Understanding the Challenges of Epilepsy
Education & Research Industry thought leaders share what is often forgotten about an epilepsy diagnosis and how understanding a patient’s needs can be challenging.
What do you believe is the biggest challenge when it comes to diagnosing patients with epilepsy?
Eli Mizrahi: Understanding a patient’s concerns can be a challenge. There are a variety of clinical events which may be episodic but may not be seizures. Epileptic seizures present in a wide range of ways. These need to be explored through a detailed discussion with the patient and family to arrive at an accurate diagnosis.

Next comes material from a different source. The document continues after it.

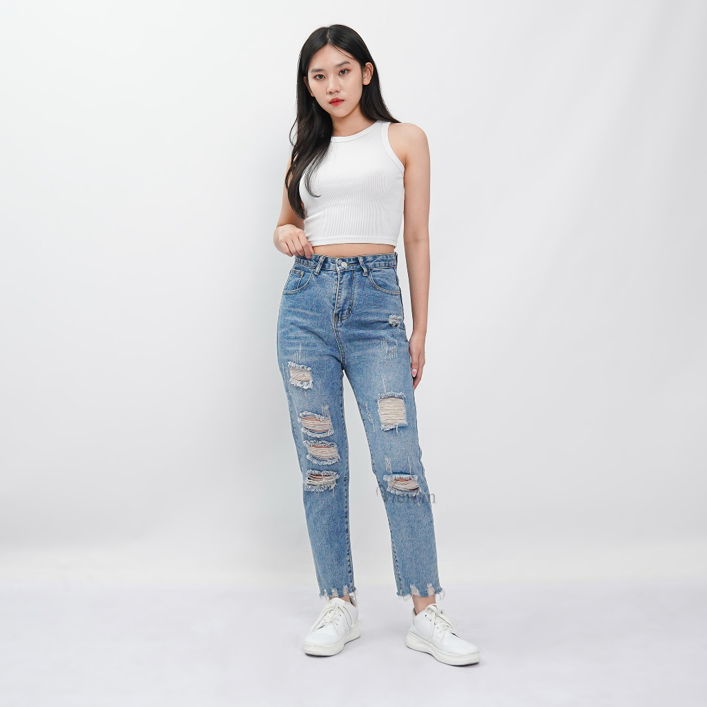 VIERLIN - Jeans 8828 - CELANA JEANS SOBEK WANITA RIPPED HIGHWAIST

Nathan Minnich: Knowing if a person is having a seizure and diagnosing the type of seizure or epilepsy syndrome can be difficult. One challenge to proper diagnosis is the fact that there are many other disorders that can cause changes in behavior and can be confused with epilepsy. Understanding what happens during a seizure is one of the most important pieces of information to develop a proper diagnosis. One challenge with collecting this critical information is that seizures rarely happen in a doctor’s office or in the presence of a health care professional. Therefore, the diagnosis may be based on third-party accounts of an event with little supporting information. In addition, one in three people with epilepsy in the U.S. have drug-resistant epilepsy. However, most of those patients are not properly diagnosed and rarely receive treatment beyond medications, despite the fact that treatments like VNS Therapy® are available and have been specifically designed for this type of epilepsy.
What is the most encouraging advancement you have noticed improving the lives of those struggling with epilepsy?
EM: There are two important advancements. One is the emergence of a new generation of anti-seizure medications that improve seizure control, limit side effects and make it easier for patients to follow treatment. The other is an increased awareness of epilepsy as an important public health concern and an increasing openness of patients and families to talk about their disorder.
NM: The latest advancement in drug-resistant epilepsy treatment was recently approved by the FDA. This groundbreaking approval was for the new VNS Therapy Programming® System, which features a wireless wand and new user interface on a small tablet, and the SenTiva™ generator, which is the smallest and lightest responsive therapy for epilepsy patients as young as four years of age. Together, the components offer patients with drug-resistant epilepsy a physician-directed customizable therapy with smart technology and proven results to reduce the number of seizures, lessen the duration of seizures and enable a faster recovery.
Much has been documented about the lack of funding for epilepsy compared to other disorders. What do you believe can be done to change this?
EM: We can emphasize that epilepsy is an important public health concern that has broad implications not only to those with the disorder, but also [their] families. We can also emphasize that understanding epilepsy at a basic science level allows us to further understand the brain in ways that will help us combat a wide range of neurologic disorders.
NM: Greater disease awareness and education are critical to transforming not only the funding but also the treatment outcomes for millions of Americans. The faster we can provide education that hope does exist, the better. Every day in the U.S., 30 children will experience seizures for the first time and ultimately will not be able to control the seizures with medication alone. That means every year, more than 10,000 children under 18 years old with drug-resistant epilepsy will face the consequences of seizures, including head trauma, ER visits, fractures and hospitalizations.
If you could give one piece of advice to someone recently diagnosed with epilepsy, what would it be?
EM: Continue living your life and do not allow the diagnosis of epilepsy to define you. Learn all you can about your specific type of epilepsy. Work with your health care provider to become seizure free with no adverse side effects from medications. For most patients, these are achievable goals. Continue to talk about your diagnosis with your health care provider and family.
NM: Get educated about epilepsy, and know that you are not alone and that there is hope. This begins with talking to a neurologist and epileptologist and visiting websites like www.SeizureControl.com, www.Epilepsy.com and www.VNSTherapy.com to learn more about treatment options available. Everyone who has epilepsy — or is touched by epilepsy — should also reach out to their local Epilepsy Foundation organization. Whether it’s for yourself, a family member or friend, it’s important to become an advocate and learn as much as possible about this condition that affects more than 3.4 million people in the U.S., according to the Centers for Disease Control and Prevention.